Failures of Empire & Economy

In the 17th and early 18th centuries, France was at height of its European power. The 'Sun King,' Louis XIV, had expanded French possessions eastward into Central Europe and huge swathes of North America, from Canada to Louisiana, were under French control. This empire and the wars which acquiring such expansive territory required, however, came with an enormous bill. When Louis XIV died in 1715, he left the French state wracked with massive debt. France's subsequent rulers, Louis XV and Louis XVI, not only had to contend with this state debt, but were forced to spend much of the 18th century maintaining an enormous standing military trying unsuccessfully to hang on to many of these possessions. The Seven Years' War (known as the French and Indian War in North America) caused particular harm to the state's finances, as France participated in both European and North American theaters of the conflict and, in the end, merely lost huge amounts of territory as a result. Their subsequent participation in the successful American Revolution further drained money from the French state, while achieving little tangible results for France other than the humiliation of their chief Western European rival, Great Britain. While the French state was wracked in debt from the expenditures that came with war and empire, French fiscal restraint at court was nonexistent.
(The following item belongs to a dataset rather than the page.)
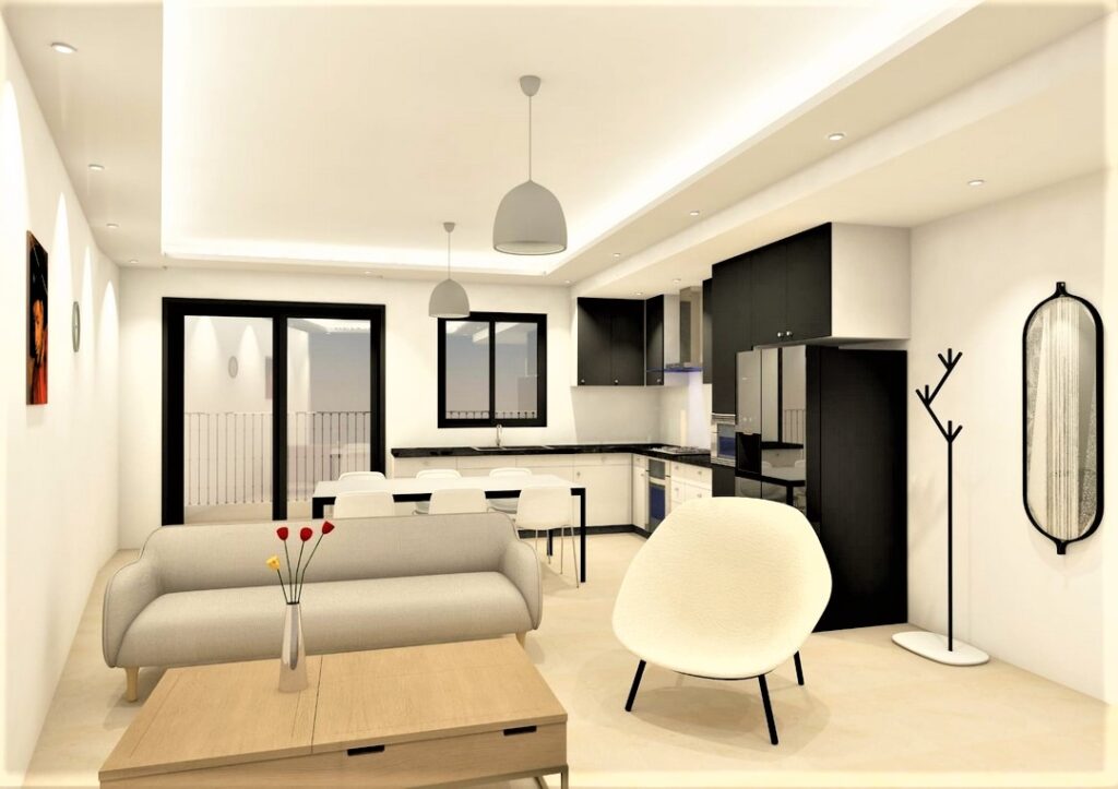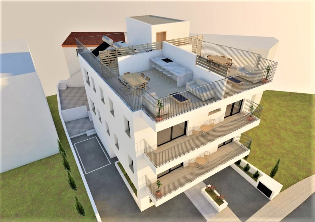 The apartments are located the one on the first floor and the other on the second floor. The building consists of only these two apartments. The apartments are very spacious for two-bedroom residences and the covered area of their internal space is 93 sq.m. They also have covered balconies of 14 sq.m. each and roof garden for both of them. The total area of the covered space totals to 107 sq.m. Their construction has recently begin after all relevant building permits have been received from the owners and is expected to be completed on or before the end of 2024.
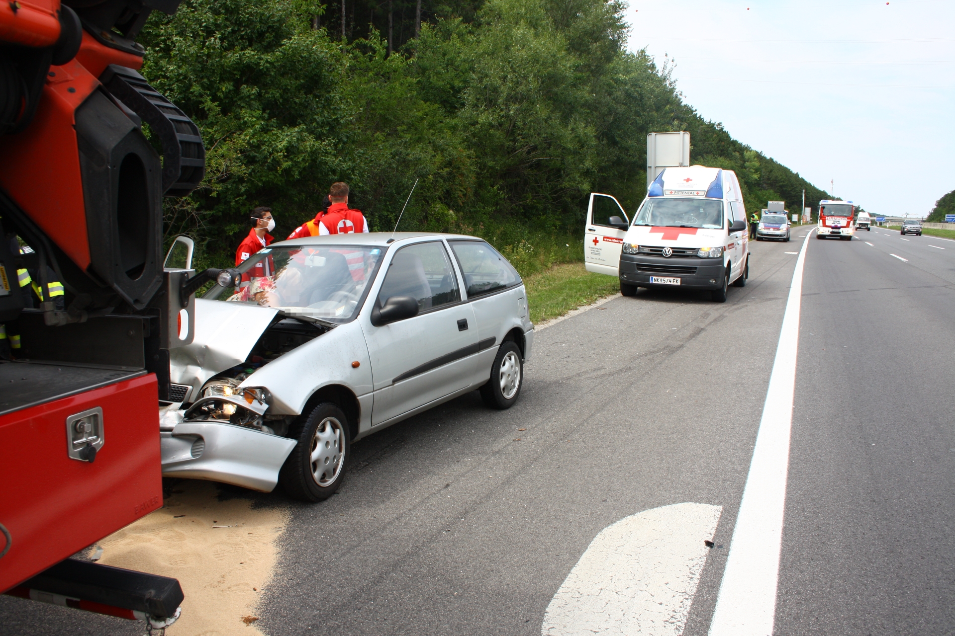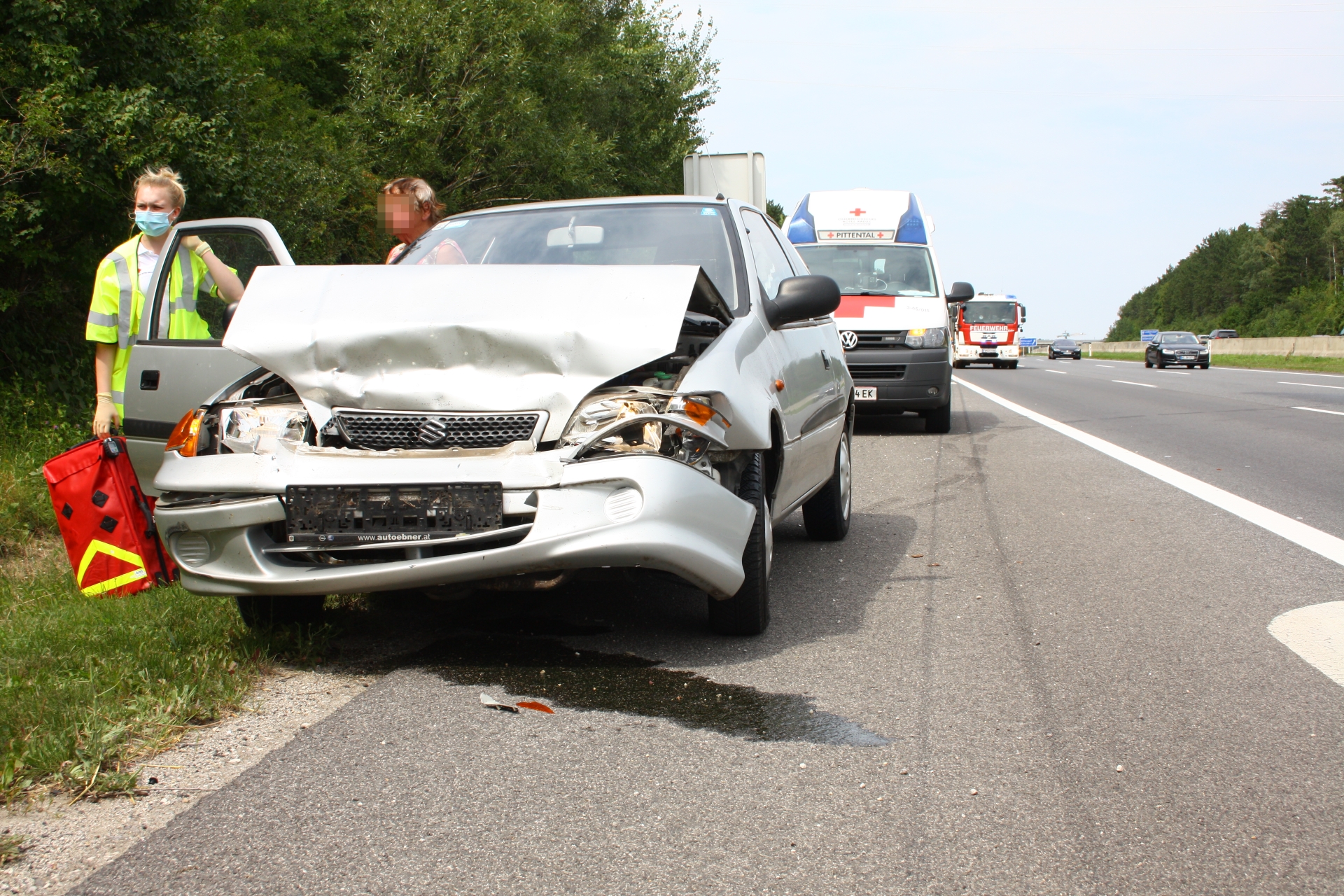 Nach einem Auffahrunfall blieb am Samstagnachmittag auf der A2 in Fahrtrichtung Graz der Pkw einer Wiener Autolenkerin fahruntüchtig auf dem Pannenstreifen stehen. Die Lenkerin wurde bei dem Aufprall unbestimmten Grades verletzt und musste vor Ort vom Roten Kreuz versorgt werden. Die Feuerwehr führte die Fahrzeugbergung durch und musste geringe Mengen auslaufendes Betriebsmittel binden.

Both Louis XV and Louis XVI operated the French court from thePalace of Versailles, an enormous and ostentatious palace located outside Paris and built by Louis XIV. For example, Louis XVI's wife, Marie Antoinette, had a yearly clothing allowance in the millions of dollars, despite France being unable to pay even the interest on the loans it had taken out to finance its empire.

The People

The money to pay for the spendthrift practices of France's rulers, both at home and abroad, had to be paid for by someone, and much of this money came from taxes. In 18th-century France, the nobility and the church were both exempt from taxation, which meant that nearly all tax money came from the incomes of the poorest - and most populous - portion of French society. To make matters worse, the French peasantry - who often owned only enough land to feed themselves and their families - were in the midst of a series of seasonal crop failures, and they could hardly afford to spare any money or resources to pay for the armies and lifestyles of their royalty. Indeed, a particularly acute crop failure took place in 1788 - an event most historians consider one of the touchstones of the ensuing popular uprising.